# What is needed:
Could the data below please be reproduced word for word, without the pictures?

# Collected material:
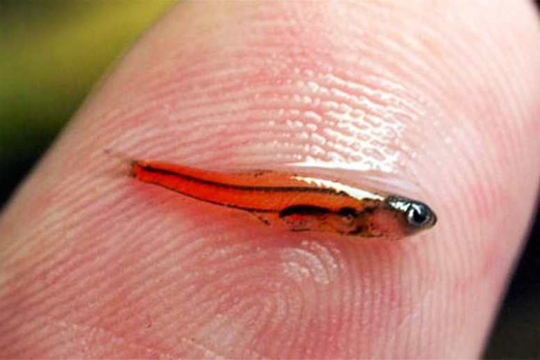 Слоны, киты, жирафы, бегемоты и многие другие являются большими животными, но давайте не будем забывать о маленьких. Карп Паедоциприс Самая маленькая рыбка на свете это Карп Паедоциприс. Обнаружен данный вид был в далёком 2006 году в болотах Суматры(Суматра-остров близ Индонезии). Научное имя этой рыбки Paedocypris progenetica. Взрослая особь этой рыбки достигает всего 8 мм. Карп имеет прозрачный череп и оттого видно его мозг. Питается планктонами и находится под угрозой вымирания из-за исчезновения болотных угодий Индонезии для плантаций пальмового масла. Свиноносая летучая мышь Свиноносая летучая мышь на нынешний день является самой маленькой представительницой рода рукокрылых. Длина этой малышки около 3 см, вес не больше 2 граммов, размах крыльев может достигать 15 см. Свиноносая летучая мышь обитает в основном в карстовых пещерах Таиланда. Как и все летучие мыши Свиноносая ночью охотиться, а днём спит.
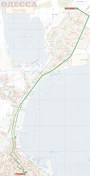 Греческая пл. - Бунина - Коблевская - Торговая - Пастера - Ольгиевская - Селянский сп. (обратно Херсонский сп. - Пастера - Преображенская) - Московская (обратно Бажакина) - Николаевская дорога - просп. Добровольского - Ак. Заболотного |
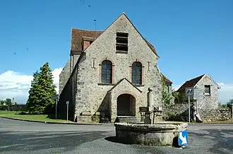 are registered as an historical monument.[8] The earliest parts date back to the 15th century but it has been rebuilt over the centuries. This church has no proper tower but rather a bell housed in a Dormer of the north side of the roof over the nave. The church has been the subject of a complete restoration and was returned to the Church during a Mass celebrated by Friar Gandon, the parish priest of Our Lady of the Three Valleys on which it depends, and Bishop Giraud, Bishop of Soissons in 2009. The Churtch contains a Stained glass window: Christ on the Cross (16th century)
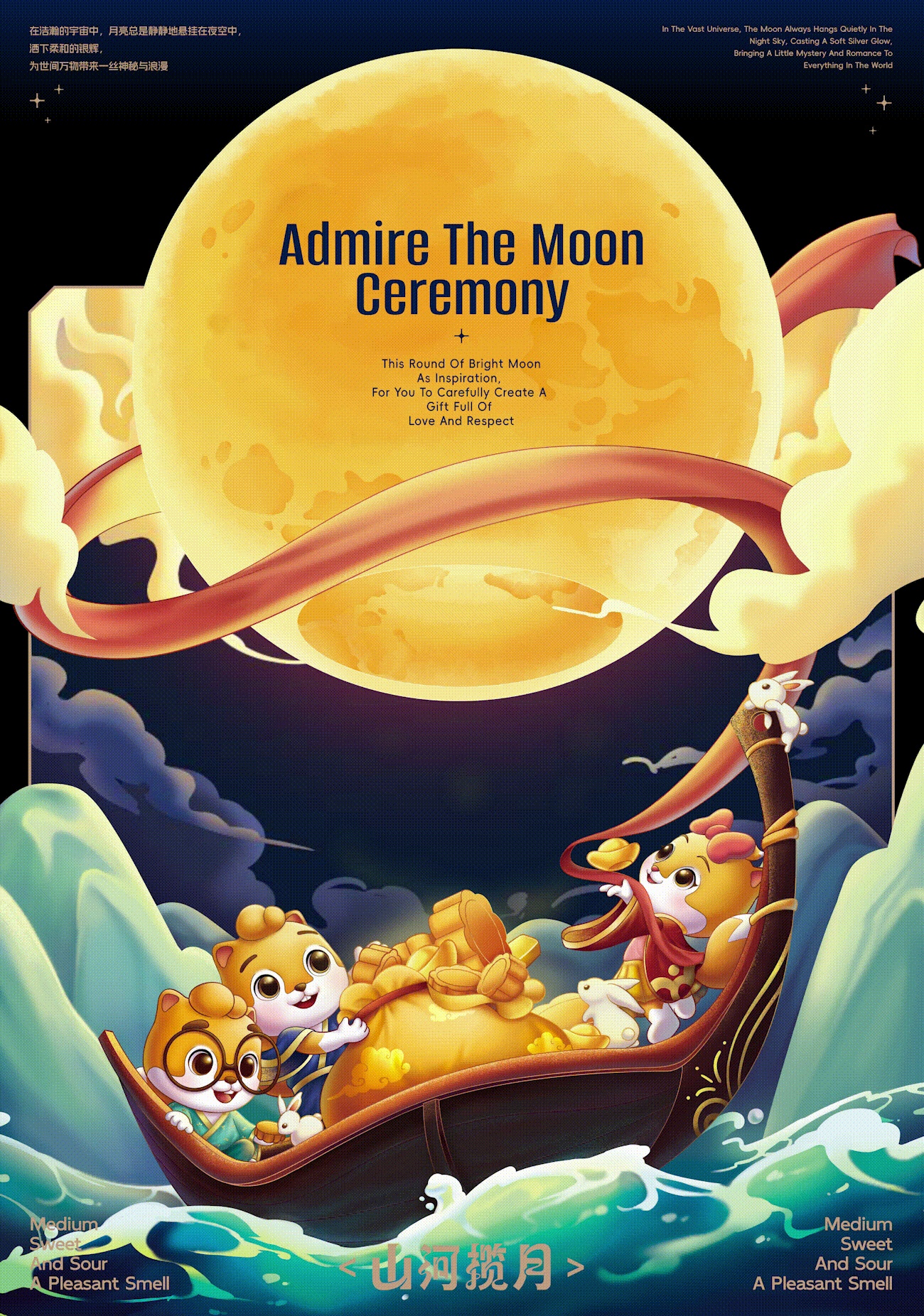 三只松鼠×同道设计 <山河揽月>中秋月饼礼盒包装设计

# Answer for the task:
 Слоны, киты, жирафы, бегемоты и многие другие являются большими животными, но давайте не будем забывать о маленьких. Карп Паедоциприс Самая маленькая рыбка на свете это Карп Паедоциприс. Обнаружен данный вид был в далёком 2006 году в болотах Суматры(Суматра-остров близ Индонезии). Научное имя этой рыбки Paedocypris progenetica. Взрослая особь этой рыбки достигает всего 8 мм. Карп имеет прозрачный череп и оттого видно его мозг. Питается планктонами и находится под угрозой вымирания из-за исчезновения болотных угодий Индонезии для плантаций пальмового масла. Свиноносая летучая мышь Свиноносая летучая мышь на нынешний день является самой маленькой представительницой рода рукокрылых. Длина этой малышки около 3 см, вес не больше 2 граммов, размах крыльев может достигать 15 см. Свиноносая летучая мышь обитает в основном в карстовых пещерах Таиланда. Как и все летучие мыши Свиноносая ночью охотиться, а днём спит.
 Греческая пл. - Бунина - Коблевская - Торговая - Пастера - Ольгиевская - Селянский сп. (обратно Херсонский сп. - Пастера - Преображенская) - Московская (обратно Бажакина) - Николаевская дорога - просп. Добровольского - Ак. Заболотного |
 are registered as an historical monument.[8] The earliest parts date back to the 15th century but it has been rebuilt over the centuries. This church has no proper tower but rather a bell housed in a Dormer of the north side of the roof over the nave. The church has been the subject of a complete restoration and was returned to the Church during a Mass celebrated by Friar Gandon, the parish priest of Our Lady of the Three Valleys on which it depends, and Bishop Giraud, Bishop of Soissons in 2009. The Churtch contains a Stained glass window: Christ on the Cross (16th century)
 三只松鼠×同道设计 <山河揽月>中秋月饼礼盒包装设计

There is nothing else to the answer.